Le brouhaha des voitures incessantes, les freins d’un vélo qui grincent, un coup de klaxon qui retentit, tout cela rentrent en moi et me bouscule.

Une voiture au pot d’échappement troué fait un boucan d’enfer et me saisit.

Sur le trottoir d’en face, un jeune couple, deux gamins à peine sortis de l’adolescence, se disputent, s’enguirlandent, se crachent des injures. Je crains qu’ils en viennent aux mains.

Des perruches en vol au-dessus de moi s’annoncent dans leur langue de psittacidés, ce n’est pas un chant, c’est un cri aigu, bref, strident. Et elles sont nombreuses à crier… heureusement elles ne font que passer.

Bien plus haut, c’est un avion qui se rajoute à tout ce non-silence pesant.

Puis, de concert, un chien aboie, une voiture freine et la sirène d’un véhicule prioritaire hurle son urgence.

Des sons brefs, qui se juxtaposent les uns sur les autres ou qui se suivent mais ne se ressemblent pas. Pas une seule seconde de silence. Pas une ! C’est horrible…

Pendant dix minutes, je marche ainsi, irritée par tous ces bruits. Jusqu’ici, je ne prêtais pas attention, cela fait partie de mon quotidien et je n’y peux rien.

Je marche en silence, que je crois. Mes pas se posent sur le sol aussi doucement que des baskets peuvent le faire. Mais le frottement de mes bras sur ma veste trahissent mes mouvements. Mes mains dans les poches résolvent cette friction.

J’arrive à un feu rouge. Une voiture polluante accélère. Deux passants attendent à mes côtés que le petit bonhomme devienne vert. L’un écoute une musique à faire péter les tympans, l’autre est une jeune femme, talons aiguilles, bouteille de parfum renversée sur elle. Tac tac tac, les chaussures avancent, la bouche répond à une sonnerie de téléphone, la voix s’égosille, le rire vibre.

Le parfum s’en va, le rire en écho derrière elle.

La musique s’affaiblit.

Puis, j’arrive à mon travail.

L’alarme branchée, je dois la désactiver avec des bip bip bip. Enlever le répondeur qui fait tilu tilu.

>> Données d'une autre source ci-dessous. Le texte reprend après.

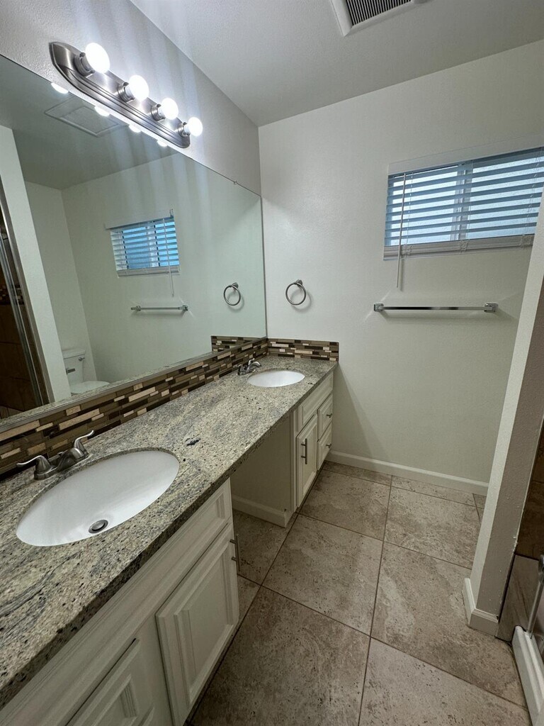 Completely updated 3/2 home with nearly 1,700 sq. ft. of living space! This home has been totally upgraded - new paint, new floors, new fixtures, updated bathrooms and more! Open and functional floor plan, spacious backyard with a covered patio, ceiling fans in each bedroom and a large primary suite with an en-suite bathroom and huge closet. Extra storage in the laundry room (located inside) and a two car garage with automatic opener. Move in ready! Renter's insurance is required.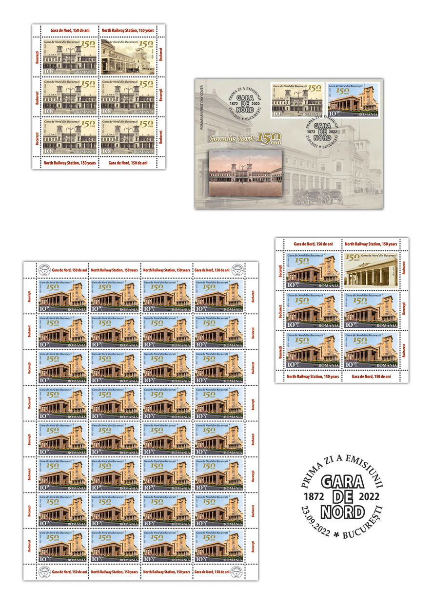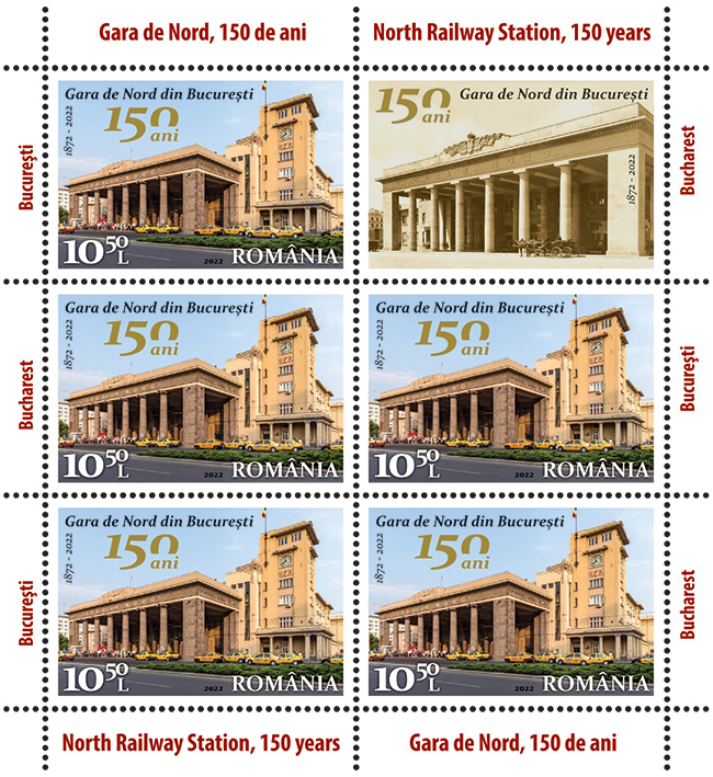 Romfilatelia introduces into circulation on Friday, September 23rd this year, a postage stamps issue dedicated to the anniversary of a century and a half since the establishment of a symbol of the Romania’s capital, entitled North Railway Station, 150 Years.

Puis le fonctionnement de l’ouverture automatique de la porte se met en route…

La sonnerie du téléphone, l’ouverture automatique de la porte, les portables qui s’activent, l’ordinateur qui tourne, la circulation dans la rue, … cela ne s’arrêtera plus avant ce soir.

Au coucher des enfants, je me dis que j’aurai un peu de répit, mais il y a les machines à faire tourner, alors, j’attends la nuit. J’attends de dormir pour avoir le silence, un silence bien mérité, un moment sans bruit, sans cauchemar ?

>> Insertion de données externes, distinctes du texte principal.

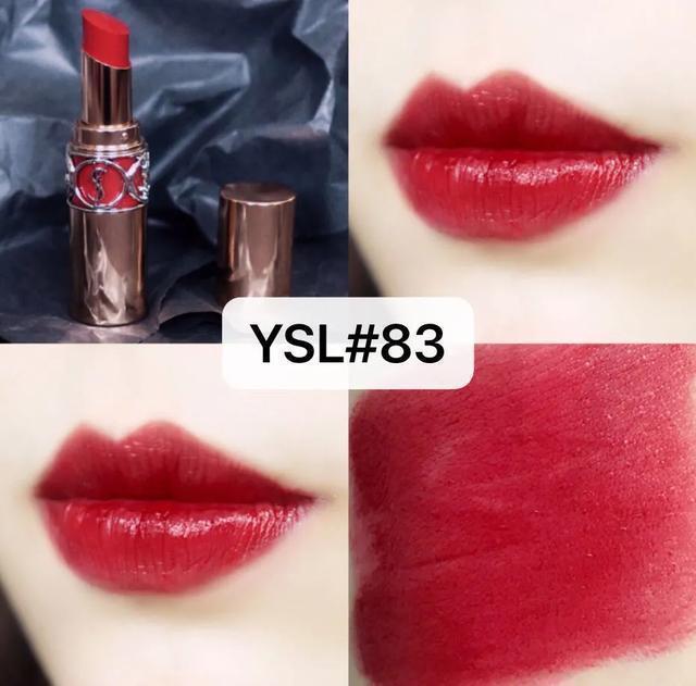 圣罗兰#83棕调浆果色带细闪。神秘特别。清透水红色巨显白。细闪无颗粒状。春夏小清新的浆果草莓色很可爱又不失气质。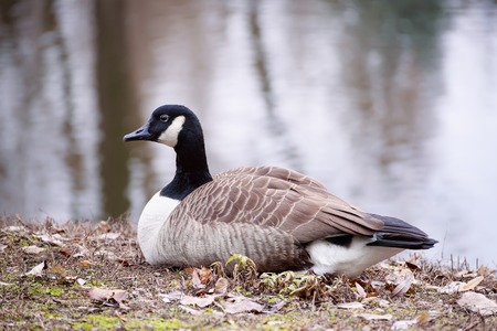 Canadian Goose (Kanada Gans), seen in spring 2016 at a lake (Hoehenfelder See) near Cologne, Germany, Europe.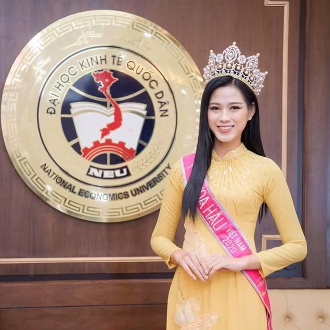 Hai ngày nay, nhiều Fanpage và Facebooker cùng chia sẻ những bức hình chụp trong phòng tiếp khách của Trường ĐH Kinh tế quốc dân với hình ảnh tân Hoa hậu đội vương miện, mặc áo dài màu vàng đang ngồi nghiêm trang trên một trong hai ghế chủ tọa.

Et ce soir, il pleut… on est au rez-de-chaussée, au-dessus des caves, et la pompe qui aide les égouts à ne pas déborder se met à vivre la nuit ! Un vrombissement se fond dans mes rêves.

Cette nuit, dans mes cauchemars, il y a un monstre qui grogne, de la pluie qui rentre dans ma chambre et qui monte jusqu’au plafond… heureusement, je sais respirer dans l’eau !

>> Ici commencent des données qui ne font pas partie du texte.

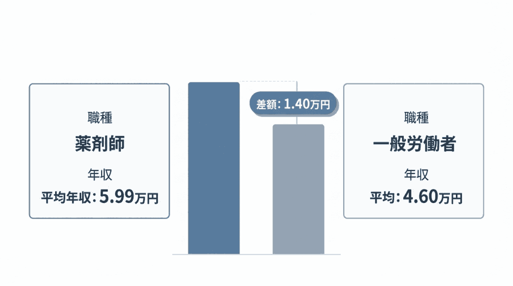 薬剤師の平均年収は約599万円と、一般労働者の水準を大きく超えています。「低すぎる」という印象は、医師との年収差や高額な学費との対比、昇給の頭打ちといった構造的な要因から生まれているものであり、客観的に見れば「低すぎる」とまでは言えないのが実態です。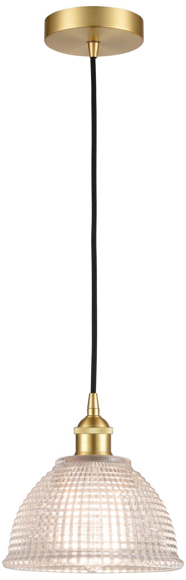 Edison Arietta 8" Satin Gold Cord Hung Mini Pendant w/ Clear Shade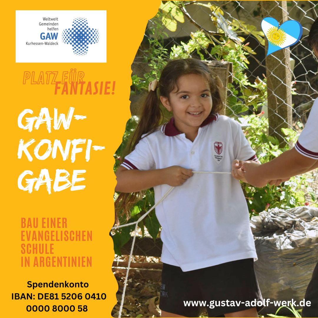 Exemplarisch für die zahlreichen Projekte des GAW stellen wir Ihnen die Konfirmandengabe vor, die wir als Jahresprojekte für 2025 gewählt haben. Die Konfirmandengabe ist eine Spendenaktion, mit der jedes Jahr Kinder und Jugendliche unterstützt werden. Die diesjährige Aktion steht unter dem Motto „Platz für Fantasie!“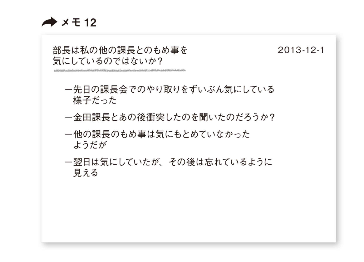 メモ12では、他の課長とのもめ事を部長がどのくらい気にしているのか、気になっていることを書き出してみて、結局あまり気にしなくてもよさそうだ、という判断になっている。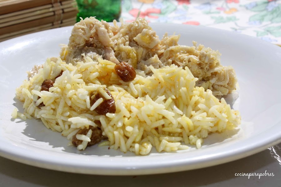 En una sartén ponemos el ajo picado con el aceite y la sal, una vez toma color el ajo agregamos las pasas el arroz , curry y el agua, dejamos 20 minutos al fuego.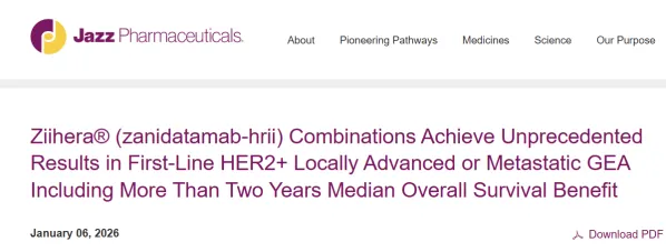 HER2靶点的变化则更多体现在药物类型上。过去一段时间,HER2研发的焦点主要集中在ADC;但2026年AACR传递出的新信号是,双抗路线开始真正成型。其中,泽尼达妥单抗(zanidatamab)作为一款双表位HER2双抗,其已获FDA加速批准用于既往经治HER2阳性胆道癌。HERIZON-BTC-01研究数据显示,其客观缓解率(ORR)达到52%,中位缓解持续时间为14.9个月。更重要的是,Jazz已在2026年初披露,HERIZON-GEA-01这项针对一线HER2阳性胃癌/胃食管腺癌的III期研究获得阳性结果,意味着该产品正加速向更大适应症拓展(图1)。也就是说,HER2竞争正在从ADC单一路径,逐步走向ADC与双抗并行的格局。

 Ps : je vous rassure, Chouna n’est absolument pas le monstre que l’on pourrait croire sur la photo que j’ai utilisée pour illustrer le passage de mon cauchemar dans ce texte. Mes deux chats adorent jouer avec des bouts de ficelles et ici, Chouna fait un joli bond, toutes griffes et crocs sortis pour attraper la ficelle.